Datasketches - new approximate sketches for Druid

Hey guys, if you’ve been paying attention to the 0.8.3 release notes (https://github.com/druid-io/druid/issues/2044), we recently added a new module in Druid called DataSketches. A new set of aggregators have been added that revolve around a new sketch algorithm called the theta sketch. Theta sketches can be used to approximate the number of unique elements in a set, much like the ‘hyperUnique’ aggregator (based on hyperloglog). One big difference between the two algorithms is that hyperUnique can only support set union operations, whereas theta sketches can support union, intersection, A NOT B, and other types of set operations. At a high level, this means theta sketches can be used for much more complex set analysis, and for use cases such as retention analysis. Theta sketches require more space than hyperUnique aggregators, so if you only require count (distinct) like operations, hyperUnique is still the way to go. To learn more about theta sketches, check out the blog post:

As the Datasketches library grows and gains more approximate algorithms, we’ll be adding them to Druid. To learn more about Datasketches, check out the website:

http://datasketches.github.io/

One more interesting piece of information with theta sketches, you can get 100% accurate results if the number of entries is less than the number of buckets. This allows for 100% accuracy at low cardinalities, and reasonable estimates at higher cardinalities.

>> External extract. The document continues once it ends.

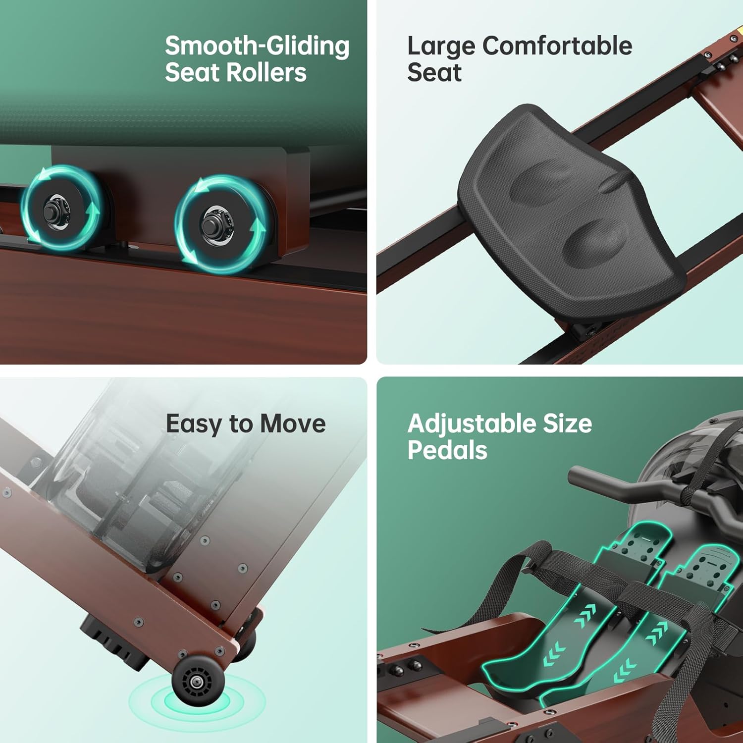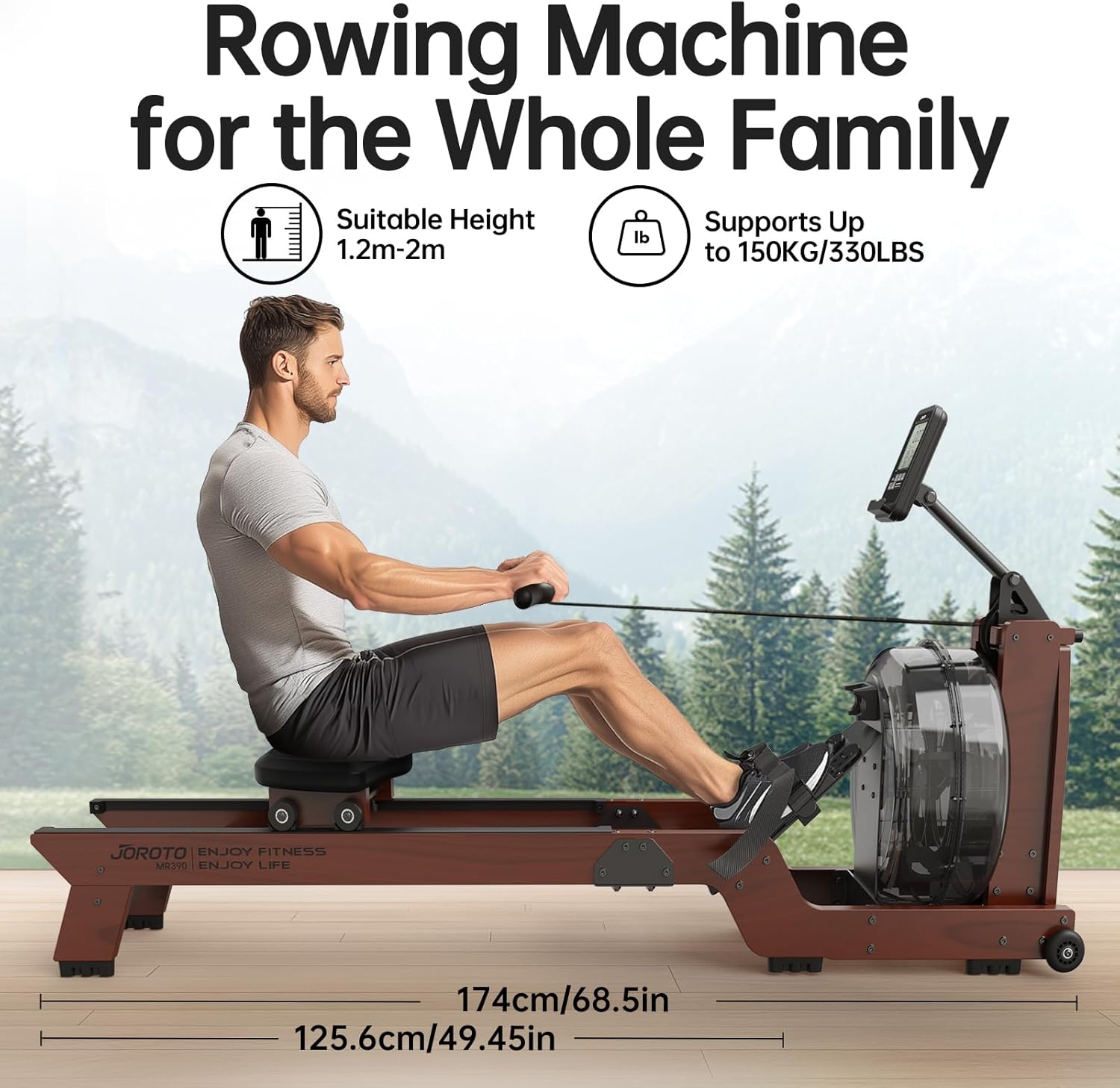 Erleben Sie das ultimative Rudererlebnis mit dem JOROTO MR380/MR390 Rudergerät. Gefertigt aus edlem Eichenholz, vereint dieses klappbare Rudergerät elegantes Design mit hoher Funktionalität. Der vergrößerte 28-Liter-Wassertank sorgt für einen realistischen Ruderschlag, während der Bluetooth-Monitor Ihre Trainingsdaten präzise erfasst. Mit einer Gewichtskapazität von 158 kg und einer praktischen Halterung für Telefon und Tablet ist dieses Rudergerät die perfekte Ergänzung für Ihr Home-Fitnessstudio.

Very glad to hear that! Recently, I am struggling on implementing “feature revisit report” base on druid. It looks like that “Theta Sketches” is the “silver bullet” I am looking for!
I will try it soon~~

在 2015年12月27日星期日 UTC+8上午12:43:05,Fangjin Yang写道:

Hello,

Cool stuff! 2 questions:

  1. In the documentation example query on thetaSketch (link) where the goal is to find users with both products A and B - why couldn’t one simply use an “AND” operator on the query filter followed by a single thetaSketch aggregation instead of using the shown approach of using an “OR” filter followed by 2 filtered aggregations and a post aggregation? Is it just to show the possibilities of the thetaSketch or is the shown way the only correct one?
  2. Am I correct in assuming that unlike the thetaSketch aggregator the hyperUnique aggregator cannot be “tuned” for precision by the user?
    Thank you,

/David

Hey David,

  1. In that example the “product” dimension is single valued- so a user that visited both A and B would have two rows, one for A and one for B. In that case the “AND” requires doing an intersection of the sketch for A and the sketch for B. If “product” was multi-valued, then you could do an “AND” on the query level.

  2. That’s right, our implementation of HLL does not have any user accessible tunings.

Hello Gian,

Thank you for the explanation - makes perfect sense!

We are currently using hyperloglog unique counts over large cardinalities and on our cluster we observe that simple Druid queries like topn without filter on a single metric or timeseries on a single metric get extremely slow if we query more than just a few days of data. Currently, the query latency for hyperloglogs is an order of magnitude slower than queries on normal metrics. Querying 4 weeks worth of data with query- and segment granularity set to HOUR with 3million records per partition, roughly 10 partitions per hour and roughly 3.5 GB of segment volume per hour, rollup ratio of 20, a single topn hyperloglog query busies 15 historical nodes for several minutes,whereas the same topn query on a normal metric would take between 25 seconds and 5 seconds.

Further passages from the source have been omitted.